▶ [What the task requires] Reproduce each line of the following material exactly, omitting the images.

▶ [Exercise data]
************

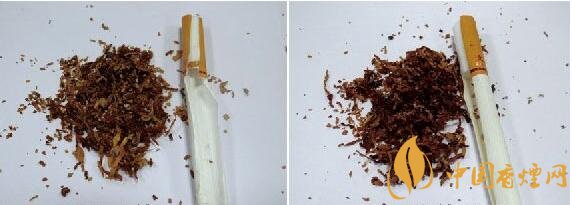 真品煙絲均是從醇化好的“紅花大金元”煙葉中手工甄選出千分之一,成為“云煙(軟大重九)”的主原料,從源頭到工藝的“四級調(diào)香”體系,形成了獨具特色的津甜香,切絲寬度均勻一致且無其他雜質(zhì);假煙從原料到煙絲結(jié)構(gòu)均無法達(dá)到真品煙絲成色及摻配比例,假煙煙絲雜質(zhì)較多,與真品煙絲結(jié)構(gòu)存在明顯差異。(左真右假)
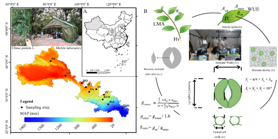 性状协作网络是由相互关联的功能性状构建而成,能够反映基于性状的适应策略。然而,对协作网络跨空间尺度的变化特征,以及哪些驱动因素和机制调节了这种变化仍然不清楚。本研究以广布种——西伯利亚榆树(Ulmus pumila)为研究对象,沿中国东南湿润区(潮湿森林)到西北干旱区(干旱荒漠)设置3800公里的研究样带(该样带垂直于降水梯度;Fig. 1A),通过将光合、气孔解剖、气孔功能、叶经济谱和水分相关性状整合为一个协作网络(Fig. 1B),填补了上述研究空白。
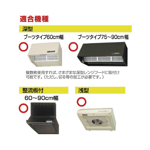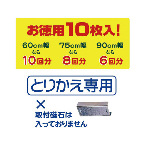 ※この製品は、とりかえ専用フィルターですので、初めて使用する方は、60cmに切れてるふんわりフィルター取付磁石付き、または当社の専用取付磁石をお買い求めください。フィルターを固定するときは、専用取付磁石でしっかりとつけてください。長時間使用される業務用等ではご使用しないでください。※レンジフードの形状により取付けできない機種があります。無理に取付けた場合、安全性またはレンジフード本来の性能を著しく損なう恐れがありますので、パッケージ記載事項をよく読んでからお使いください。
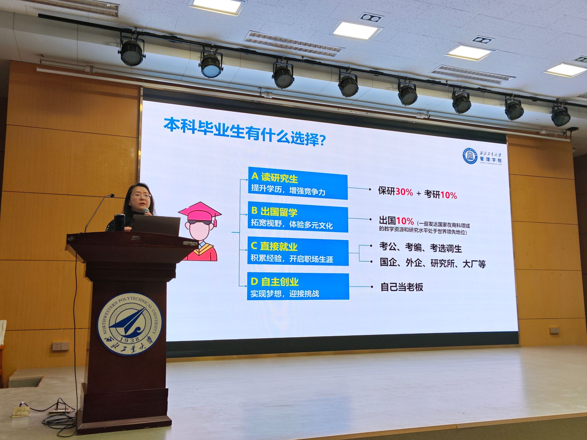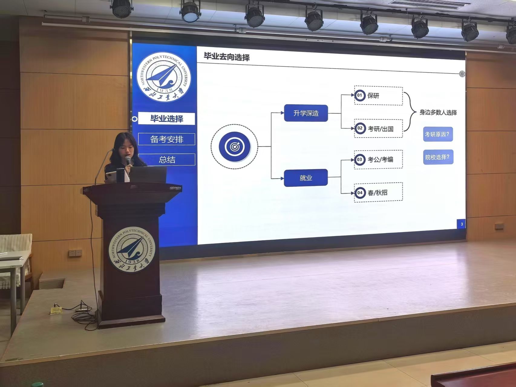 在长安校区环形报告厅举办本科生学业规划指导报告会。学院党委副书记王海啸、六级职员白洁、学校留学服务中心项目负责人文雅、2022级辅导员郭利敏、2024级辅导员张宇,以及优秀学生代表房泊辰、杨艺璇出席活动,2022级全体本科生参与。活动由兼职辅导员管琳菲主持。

************

▶ [Solution for this exercise]
 真品煙絲均是從醇化好的“紅花大金元”煙葉中手工甄選出千分之一,成為“云煙(軟大重九)”的主原料,從源頭到工藝的“四級調(diào)香”體系,形成了獨具特色的津甜香,切絲寬度均勻一致且無其他雜質(zhì);假煙從原料到煙絲結(jié)構(gòu)均無法達(dá)到真品煙絲成色及摻配比例,假煙煙絲雜質(zhì)較多,與真品煙絲結(jié)構(gòu)存在明顯差異。(左真右假)
 性状协作网络是由相互关联的功能性状构建而成,能够反映基于性状的适应策略。然而,对协作网络跨空间尺度的变化特征,以及哪些驱动因素和机制调节了这种变化仍然不清楚。本研究以广布种——西伯利亚榆树(Ulmus pumila)为研究对象,沿中国东南湿润区(潮湿森林)到西北干旱区(干旱荒漠)设置3800公里的研究样带(该样带垂直于降水梯度;Fig. 1A),通过将光合、气孔解剖、气孔功能、叶经济谱和水分相关性状整合为一个协作网络(Fig. 1B),填补了上述研究空白。
 ※この製品は、とりかえ専用フィルターですので、初めて使用する方は、60cmに切れてるふんわりフィルター取付磁石付き、または当社の専用取付磁石をお買い求めください。フィルターを固定するときは、専用取付磁石でしっかりとつけてください。長時間使用される業務用等ではご使用しないでください。※レンジフードの形状により取付けできない機種があります。無理に取付けた場合、安全性またはレンジフード本来の性能を著しく損なう恐れがありますので、パッケージ記載事項をよく読んでからお使いください。
 在长安校区环形报告厅举办本科生学业规划指导报告会。学院党委副书记王海啸、六级职员白洁、学校留学服务中心项目负责人文雅、2022级辅导员郭利敏、2024级辅导员张宇,以及优秀学生代表房泊辰、杨艺璇出席活动,2022级全体本科生参与。活动由兼职辅导员管琳菲主持。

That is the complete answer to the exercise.